- Born: Anne Briar Riddall 13 August 1940 Porthcawl, Wales
- Died: 22 May 2016 (aged 75) Dunedin, New Zealand
- Spouse: John Smith

Academic background
- Alma mater: University of Alberta
- Thesis: Verbalization and selective attention in discrimination shift problems (1971);

Academic work
- Discipline: Children's rights; violence against children; gender stereotyping;
- Institutions: University of Otago
- Doctoral students: Nicola Taylor

= Anne Smith (academic) =

New Zealand children's rights researcher

Anne Briar Smith (née Riddall, 13 August 1940 – 22 May 2016) was a New Zealand professor at the University of Otago, and was a pioneering children's rights researcher.

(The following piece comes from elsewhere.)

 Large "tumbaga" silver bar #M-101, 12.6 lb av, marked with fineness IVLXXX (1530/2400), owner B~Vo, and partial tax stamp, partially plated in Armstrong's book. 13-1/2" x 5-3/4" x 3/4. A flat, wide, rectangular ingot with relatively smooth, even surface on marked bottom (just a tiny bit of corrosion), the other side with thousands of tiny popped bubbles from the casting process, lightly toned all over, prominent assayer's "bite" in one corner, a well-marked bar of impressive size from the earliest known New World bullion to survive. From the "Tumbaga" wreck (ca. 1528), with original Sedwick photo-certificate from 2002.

== Early life and education ==
Smith was born on 13 August 1940 in Porthcawl, Wales, to Dora and Geoff Riddall. Her father worked for the Iraq Petroleum Company, and when that necessitated the family move to Syria, Smith boarded at the Welsh Girls' School in England, aged nine. The family moved to New Zealand in 1954, and Smith attended Te Aroha College, where she was dux in both 1956 and 1957.

== Academic career ==

Smith completed a BHSc in Home Science at the University of Otago in 1963, and then completed a BA in Education at both Otago and Auckland Universities in 1965. She then undertook an MEd at the University of Alberta in 1969, and then completed a PhD titled Verbalization and selective attention in discrimination shift problems there in 1971. She was supported during her PhD by a Commonwealth Scholarship and an Izaack Walton Killam Memorial Fellowship. After Smith finished her PhD, she and her husband spent two years working for an experimental tertiary education institution in Halifax, Nova Scotia.

In 1974, Smith was appointed as a lecturer in education and human development at the University of Otago. By this time she had two young girls, making her research on quality early childhood education especially relevant. She was instrumental in getting the Dunedin Community Childcare Association established. She also made four films, including Blue for a Girl, about gender stereotyping.

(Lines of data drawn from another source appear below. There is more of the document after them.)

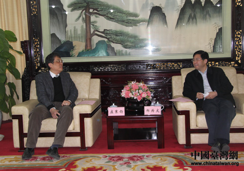 中國臺灣網2月22日馬鞍山消息 日前,安徽馬鞍山市委書記鄭為文、市長張曉麟分別會見了臺灣電機電子工業同業公會大陸首席代表、副秘書長莊秉鈞一行,就在馬鞍山市合作舉辦皖臺(兩岸)電子產品展會等事宜進行了友好洽談。安徽省臺辦主任朱德祥參加會見。
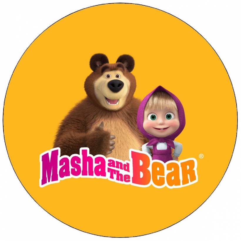 Essbares Papier Máša und Bär auf gelbem Hintergrund 19,5 cm
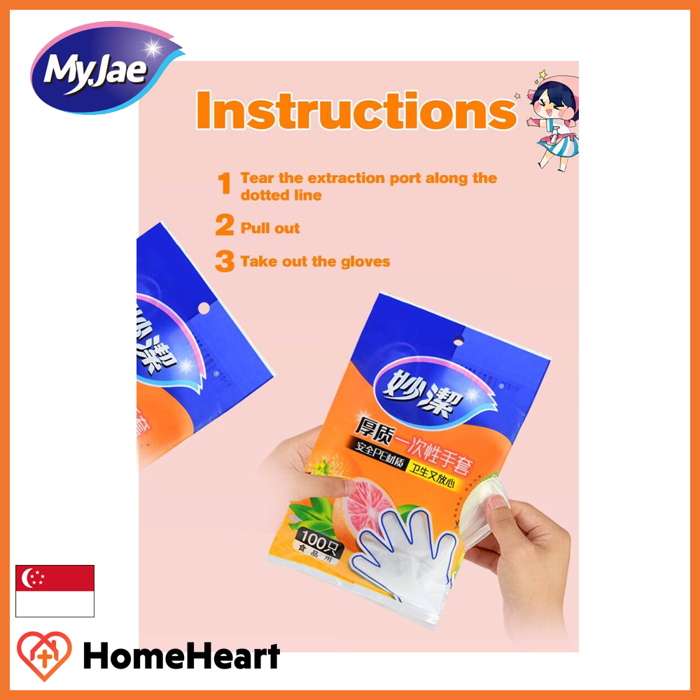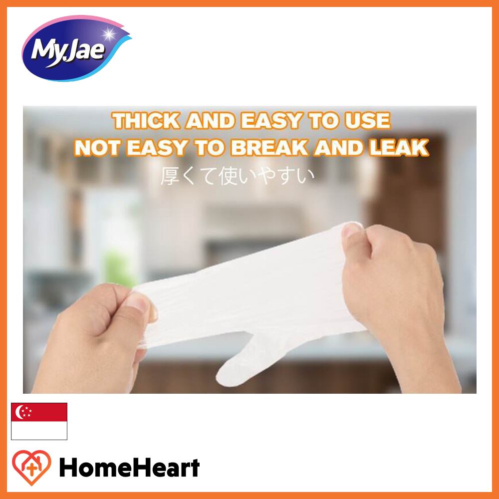 [2 Pack] (200pcs) MyJae PE Disposable Gloves - Non Toxic, Thick, Leakproof With Ribbed Design For Added Friction (200pcs) [2 Pack]

Smith became the inaugural director of the Children's Issues Centre at the University of Otago in 1995. Her work focused in ways to improve children's lives, especially in times of stress such as when parents divorce. She worked to ban physical punishment of children. Notable doctoral students of Smith's include Nicola Taylor, who succeeded her as director of the Centre.

Her book Understanding Children's Development was first published in 1982, became a standard text, and is in its fifth edition (now titled Understanding children and childhood).

== Family ==
Smith married Dr John Smith in Edmonton, Canada, in May 1967. They had two daughters. Smith died on 22 May 2016 in Dunedin.

== Honours and legacy ==
Smith was elected a Fellow of the Royal Society Te Apārangi in 1995, and appointed a Companion of the New Zealand Order of Merit, for services to children, in the 2007 New Year Honours. Smith was awarded an honorary doctorate by the University of Oulu in Finland in 1998. In 2013 Smith was awarded a New Zealand–UK Link Foundation visiting professorship, enabling her to give a series of public lectures in London on children’s rights and the links between government policy and research on children’s issues. On the same trip, she spoke to a House of Lords select committee and the Welsh Assembly against physical violence towards children.

After Smith's death, her colleagues were inspired to write a book honouring her achievements, entitled Research, policy and advocacy in the early years: Writing inspired by the achievements of Professor Anne Smith, edited by Carmen Dalli and Anne Meade. Smith was selected as one of the Royal Society Te Apārangi's 150 women in 150 words in 2017.